Zarzecski: Poland may cut rates later in 2026 when tensions ease
Zarzecski: Poland may cut rates later in 2026 when tensions ease
The National Bank of Poland (NBP) cut its benchmark interest rate by 25 basis points to 3.75% in March 2026, marking its first reduction of the year amid subdued inflation and geopolitical uncertainty. The decision aligns with earlier signals from central bank officials, including MPC member Piotr Zarzecki, who had suggested March could be a suitable timing for easing monetary policy. However, policymakers emphasized that further cuts remain contingent on the resolution of ongoing geopolitical tensions, particularly the U.S.-Israeli strikes on Iran, which have introduced significant uncertainty into inflation and growth forecasts.
Annual headline inflation in Poland fell to 2.2% in January 2026, the lowest level in nearly two years and within the NBP's target range of 1.5–3.5%. Despite this, upside risks persist, including elevated energy prices and robust wage growth, which could pressure inflation above the 2.5% target.

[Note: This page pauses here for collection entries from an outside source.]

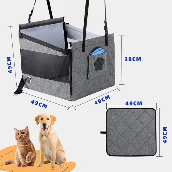 Booster para carro. Material: tela de oxford resistente al agua, tela de malla transpirable,tubos de pvc. Medidas: 49 cm x 49 cm x 49 cm x 38 cm
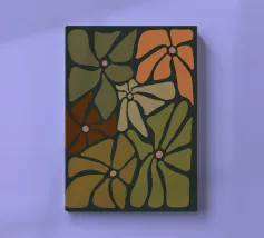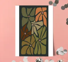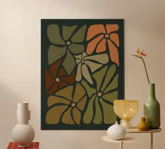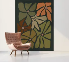 Fiori autunnali astratti retrò di metà secolo di colore arancione, crema, marrone, kaki e tan.
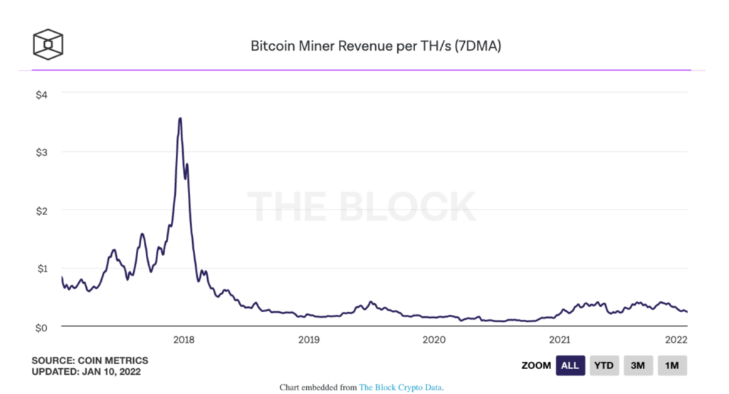 รายได้จากการขุดต่อ TH/s แหล่งที่มา: Coin Metrics จาก The Block Crypto Data
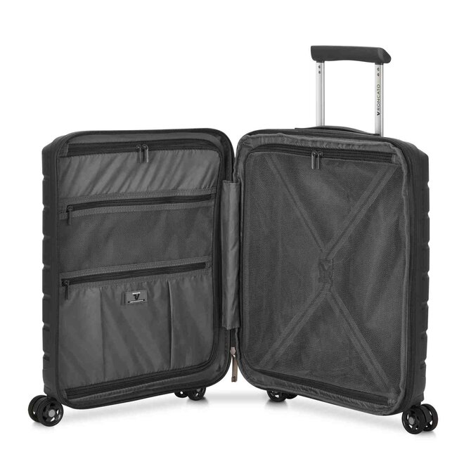 Cestovní kufr Roncato B-FLYING S kapsa USB port černá, Polypropylen

MPC member Henryk Wnorowski stated that additional rate cuts are unlikely until the conflict in the Middle East subsides, as prolonged instability could disrupt economic activity and inflation expectations.
The NBP's March staff projections highlight a path of disinflation but caution that geopolitical shocks, such as the oil price surge linked to the Iran strikes, may temporarily elevate headline inflation. While the central bank remains committed to its inflation mandate, it acknowledged that the evolving security environment complicates near-term policy decisions. Governor Adam Glapiński noted that the conflict's duration and impact on global markets remain critical variables for future rate adjustments.
With inflation trending downward and growth momentum moderating, the NBP's next move will depend on whether geopolitical tensions abate, potentially opening the door for further easing later in 2026.